Она сжалась, словно от удара. Захотелось крикнуть во всю мочь: «Не смей! Не разрешаю! Это мое!!!». Но сдержалась, бросила сквозь зубы:
– Чего ты хочешь от меня? Зачем за мной следишь?
Он отпустил ее руку:
– А мне просто интересно за людьми наблюдать. Такие они жалкие, беззащитные – и потому злые. Вот мне все завидуют. Одет с иголочки, думают: отец – шишка. Но ведь это ерунда. Ни матери, ни отца у меня нет. Только тетка – сторож при школе. Живу сам по себе, подрабатываю. Скучно мне. Скучно с людьми, девочка! Иного топчут без жалости, а он смотрит преданно, как собака. Где у них гордость? Скажи мне, где?
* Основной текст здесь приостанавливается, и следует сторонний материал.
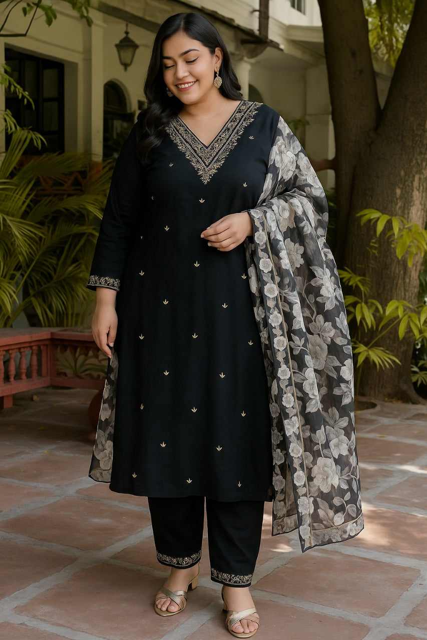 This premium suit set is made from 14kg Heavy Reyon and paired with a stylish Organza Dupatta featuring digital print and embroidery. Designed for elegance, comfort, and daily wear. Available in 4 beautiful colors.

Она резко отодвинулась от стола. Встала:
– Мне пора.
– Ты что? Разве я тебя чем-то обидел?
Нет, он ничем не обидел ее. Но зачем он ей? Зря что ли выкарабкивалась из того бездонного колодца, в который столкнул ее Илья? Больше этого не будет. Букет астр, измятый, с поблекшими неопрятными лепестками, положила на столик.
Она жила не весело и не грустно. Неинтересная работа среди пыльных старых технических журналов и книг. Скудный быт. По-прежнему и в общежитии, в той же комнатушке на троих, только прежние сожительницы разъехались. И вселили новых, молодых.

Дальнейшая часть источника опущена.